Emerging treatments
Hemostatic therapy
Cilostazol (a phosphodiesterase-3 inhibitor) has been shown to have protective properties on endothelial cells, vascular smooth muscle cells, and the blood-brain barrier; clinical trials are needed to investigate if such properties would be of benefit in hemorrhagic stroke or prevention of hematoma expansion.[157][158][159]

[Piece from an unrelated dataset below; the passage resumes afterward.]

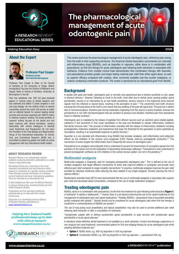 This review examines the pharmacological management of acute odontogenic pain, defined as pain arising from the teeth or their supporting structures. The American Dental Association recommends non-steroidal anti-inflammatory drugs (NSAIDs), such as ibuprofen or naproxen, either alone or in combination with paracetamol, as first-line therapy for acute odontogenic pain following tooth extraction or associated with toothache. Evidence from multiple clinical trials demonstrates that combination therapy with ibuprofen and paracetamol provides greater and longer-lasting maximal pain relief than either agent alone, as well as superior efficacy compared with codeine, other commonly available over-the-counter analgesics, or codeine-containing combination products.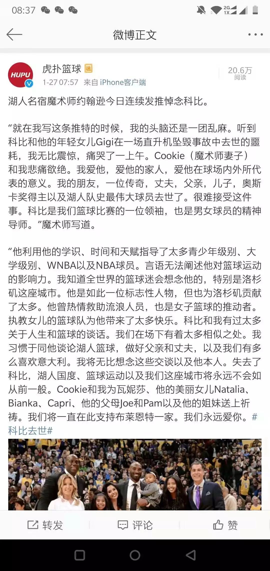 魔术师约翰逊悼念科比

Novel rehabilitation techniques
Noninvasive brain stimulation with transcranial direct current stimulation (tDCS) and repetitive transcranial magnetic stimulation (rTMS) are being studied. Such methods may increase functional recovery, when compared with traditional physical therapy, via neuromodulatory pathways.[160][161][162] However, there is insufficient evidence to currently support their use in clinical practice. A device that uses brain-computer interface control of a robotics-powered exoskeleton may help stroke survivors regain hand and arm function. The device is approved by the US Food and Drug Administration (FDA) for patients 18 years and older who are at least 6 months post-stroke to facilitate muscle re-education and for maintaining or increasing range of motion. An exoskeleton (robotic hand brace) opens and closes the affected hand using spectral power from electroencephalographic (EEG) signals from the unaffected hemisphere associated with imagined hand movements of the paretic limb.[163]